The idea that if we were forced employers to spend less on health care (by taxing health care plans) they would therefore spend more on wages is not borne out by the evidence.
So what arguments are proponents of this tax on the middle class - which will hit one in five health care plans offered at work by 2016 - left with? That the excise tax is a way to control health care spending. But the proponents of this argument make the classic mistake of confusing lowering health care spending with shifting health care costs.
What will happen when a 40% excise tax kicks on plans with higher premiums? Companies will lower the value of the plans (lowering the premiums under the threshold for the excise tax) and make up the difference by raising the amount employees have to pay out of pocket. Or, employers could simply cut benefits. In other words the health care that is now paid for by the insurance plan will, after the excise tax, be paid for by the worker. It is possible that cost shifting to the worker could lower costs in the short run if workers don't spend as much on care, such as not going to the doctor when they have symptoms or postponing that dental clearning. But what if the symptoms were actually the first sign of cancer? Or the lack of preventive dental care led to expensive dental surgery later on? Their delayed care will be more costly - not to mention the consequences for their health.
The excise tax idea is, therefore, directly at odds with the other main goal of health reform - to get people better care. Taxing health care benefits is designed to get employers to spend less on health care. That policy will directly shift costs to you, and that means higher deductibles, less choice of doctors, and worse health benefits.
Ironically, for those who champion the proposal, the idea is less about policy than about revenue. The excise tax pays for a large part of the Senate health reform bill. But this is again contradictory - if the tax works and does reduce health benefits by moving employers and employees to non-"Cadillac" plans, it will raise less money. The two goals are at odds.
While proponents like Ezra Klein say that the excise tax is a good way to control costs, and that any cost control is going to "cause some pain," there are many better ways to control costs and pay for reform that involve reigning in powerful corporations, not shifting costs and "causing pain" to people.

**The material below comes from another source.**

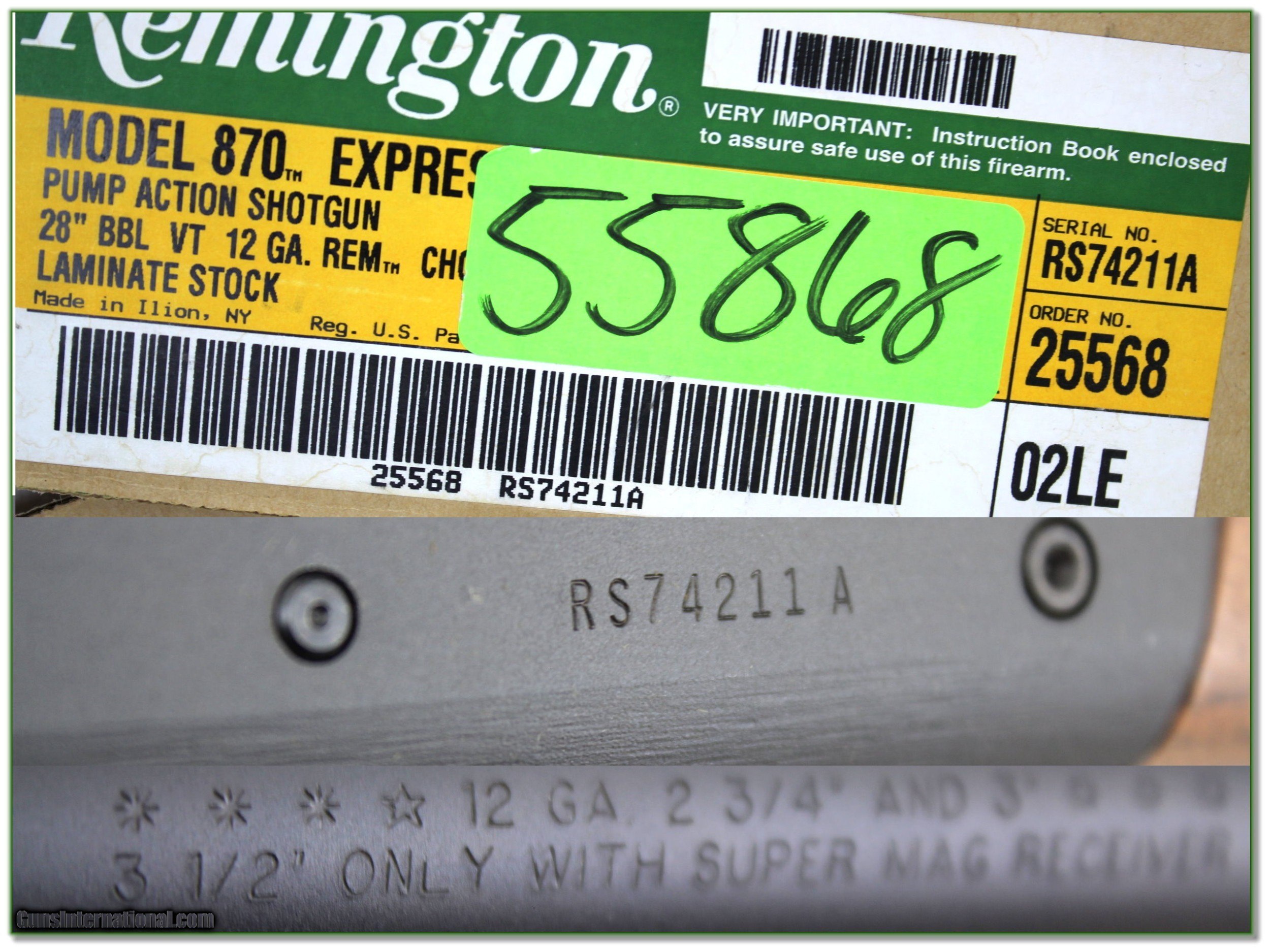 Description: This is a new, unfired and in the box Remington 870 with Laminated stock. It has a 28in Vent Rib Rem Choke barrel. It comes as seen in box with papers and 1 tube with wrench. I am selling this one on consignment and as such lay-a-way can’t be used. It does of course have the standard 3-day inspection. Shipping with insurance is $39. Please email me with any questions or larger pictures. (Consign your quality firearms with Shooting Investments for only 12%! Let me know if you have any you would like to sell!) 21-1524 Payment: Payment is by Money Order, Cashiers Check or Personal Check. I can now also accept Credit Cards (MasterCard, Visa, Discover & American Express) with a 3% convenience fee. Shipping: The shipping charge will be listed in each description. It is $39 for most firearms. Some heavy guns or those insured for over $2000 will be higher. Shipments to Alaska and Hawaii are higher because air shipment is required. Most firearms are shipped on Tuesday and Thursday and usually in 5 days of receipt of payment. We package all shipments carefully and insure them. Optics are shipped Priority Mail and most other non-firearm shipments are shipped First Class. Returns: Our return policy is simple. If for any reason you are not pleased with your purchase, you may return your item for a full refund of purchase price. Ammunition cannot be returned. It is important to us that you are happy. Guns cannot be fired or dissembled before returning them and they must be returned in the same condition as received. Notification of a return must occur with-in 3 days of receipt at your dealer. Shipping, convenience and dealer fees are not refundable and are the responsibility of the buyer. Lay-a-way: If needed, we offer a 60 day lay-a-way option on most firearms. It is 1/3 now, 1/3 in 30 days and 1/3 in 60 days. Lay-a-way firearm sales are final and if not completed the first payment cannot be returned. Consigning your firearms with Shooting Investments: We will help you get top dollar for your firearms. While most local guns shops charge 20% or more, our fee is only 12% with a minimum of $75. At your local gun shop it might take months to sell. Selling on-line provides instant access to thousands of interested buyers. You won’t find any other on-line dealer willing to sell your firearms for only 12% or listing every gun on 3 separate s. Selling through an House typically costs the seller 15% and the buyer an addition 15% (so 30%) and you have to wait several months to sell and longer to receive funds. If properly priced, we will sell your firearms in a few weeks. Send us an email or give us a call and we’ll explain how easy it is for you to get top dollar. Trading: Trading for use is really just buying your gun to re-sell. If you have a gun you want to trade, please email a picture and we will let you know what we can give or it. You will always get more if we sell it for you on consignment. Help for California Buyers: We are happy to ship to California. It is the buyer’s responsibility to make sure any item you buy is legal in your state. We are also happy to help with your purchase of a firearm from someone other than us. If you see a gun you would like to buy but the seller can’t or won’t ship to California they can ship to use and we’ll then ship it to your California dealer. The cost for this service is only $30 + shipping. Let us know if we can help! SOLD |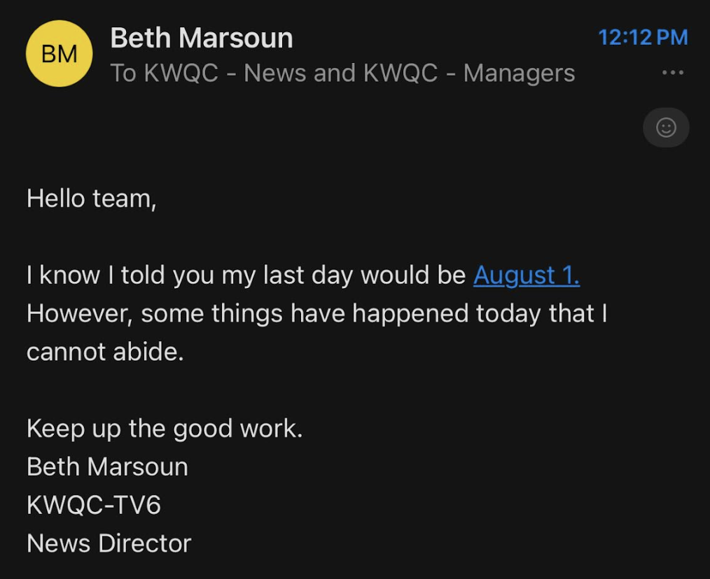 “KWQC will now be looking for its third news director in a year after the previous one before Marsoun got demoted last summer…” said one station insider.

Ideas in the House bill like the public option or negotiating the prices paid for drugs in Medicare would cut health care spending without taxing the benefits of the middle class, shifting costs to workers, and/or making their coverage worse.
As EPI proves, health care costs are not taken out of wages. A tax on health care plans may indeed "control costs," but it does it by making health care worse or shifting costs. Instead of getting better health care at lower cost, which is what you'd get if we had, say, a public health insurance option, you're more likely to get what iphelgix, an IT worker who's health care plan is classified as "Cadillac" and will be taxed, expects: Worse benefits for workers, or rising health care costs at work.
The basic promise of health care reform is to guarantee good, affordable coverage for all. Much of what is in health care reform legislation does that. But the excise tax does just the opposite: It makes good health care less affordable. It should not be part of the legislation that Congress will soon pass.
Why will the Congress execute "excise tax" during the economic crisis? It is very unfair for the civilians.